Wednesday, 28 February 2018

Focusing on gardening


We are heading for autumn. The late summer days are hot and dry, but a surprise rain shower fell over the weekend. Weekends are focused on gardening. In the process, we are getting in touch with the garden on a different level.

The pears after the rain
With Fungai in hospital, we have had to try to fit in the work that he would normally have completed during the week. That would include watering, mowing and trimming the edges of the lawn, weeding the vegetable and herb beds, deadheading the roses, harvesting the fruit and vegetables, and sweeping the stone pathways and stoeps.

The Crinum moorei in flower
Logistically, it is a crazy rush against time. We have to get the garden refuse, that which does not go into the compost bins, to the municipal dump before it closes at lunchtime on a Saturday. This means that I hardly have time to get to the butcher before they close at the same time.


Most businesses in Bonnievale close between 11:00 am and 1:00 pm on a Saturday and remain so for the rest of the weekend. This requires careful planning of the Saturday morning activities. Our Saturdays of late, rarely includes a visit to the town, as we head straight from breakfast to intensive gardening activities. I get the orchard, herb and vegetable gardens while Keith focuses on the rosarium, lawn and watering.


We pass each other where we rush from one task to another. Gone are leisurely lunches and afternoon relaxation on the lawn. The demands of the garden allows us to be in touch with its needs. I feel more connected to the garden again.

Close-up of a Brugmansia flower
A bit of a fright ensued when a raucous toad suddenly jumped next to my hand where I was cleaning the herbaceous border. It provided a moment for a breather. While I watched him, relieved that it was just a toad, he watched me cautiously in return. Deciding that I had the bigger surprise, off he hopped to find a quieter spot.


I encountered four lizards in different parts of the garden. I felt myself becoming more a part of the life and happenings of the garden than ever. Our weekends can be exhausting. But, it is a good exhaustion that comes with the satisfaction of connecting with one’s garden in a way that rekindles that intimacy.


Cutting the flowers of the Sweet Basil to prolong their productive life, I watched as the bees continued collecting nectar from the flowers in my hands. Following me to the compost bins, they foraged as much as possible from them before the flowers disappeared into the bins.
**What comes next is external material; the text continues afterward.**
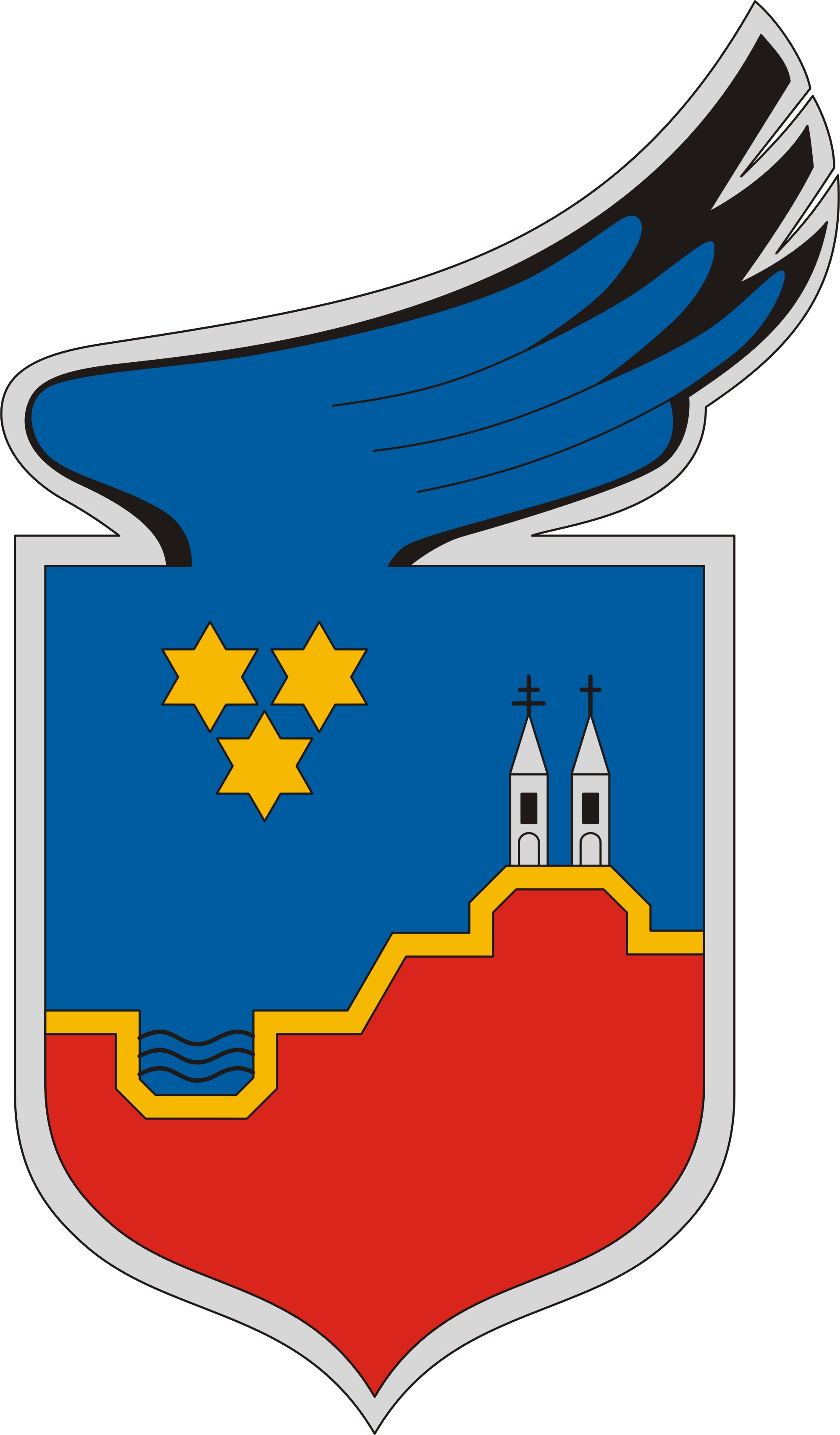 Eine stilisierte Darstellung der roten Kaviche füllt den unteren Teil des Schildes, auf dem die gesamte Landschaft ruht. Der Hügel, auf dem die beiden Kirchen stehen, folgt absichtlich den Konturen der ungarischen Heiligen Krone. Es gibt eine mündliche Überlieferung, dass die Heilige Krone während des Zweiten Weltkriegs hierher kam. Die mündliche Überlieferung beruht auf der Verehrung der Krone. Dieses Gefühl ist für uns wichtiger als die Tatsache, ob sie tatsächlich hier war oder nicht. Die beiden Kirchen sind ein Symbol für das entstandene Dorf und die beiden Gemeinden, die hier leben. Der Stern ist ein Symbol der Hoffnung und der Beständigkeit. Auf dem Wappen sind drei Sterne zu sehen. Die Dreifaltigkeit hat viele Bedeutungen (Dreifaltigkeit, Glaube - Hoffnung - Liebe, Vergangenheit - Gegenwart - Zukunft, Mann - Frau - Kind). Alle diese dreifachen Beziehungen sind Ausdruck gegenseitiger Abhängigkeit und Gleichheit.

The Friday overnight shower, left the garden feeling fresh and cool. Fruit and flowers glistened with crystal drops. The coolness made gardening a pleasure. Everything else becomes less important. So what if I missed the butcher. A healthy picking of fruit and vegetables provides for a healthy starter, main course and dessert.

Quinces
I did try to get acquainted with my new camera. But, with the lens focussed on the garden, I ensured that I stuck to required weekend tasks. The camera in my hand felt familiar. Like an old friend, but a more intelligent old friend. With all the new possibilities of a new model.


Through the camera, I could look at the garden in a different light. Giving me the chance to really appreciate the detail of the lilies and other plants currently in bloom. So I found myself focusing on the garden, in more ways than one. 

2 comments:

Keith Loynes said...

Congratulations on the new camera. Looking forward to seeing more of your beautiful images.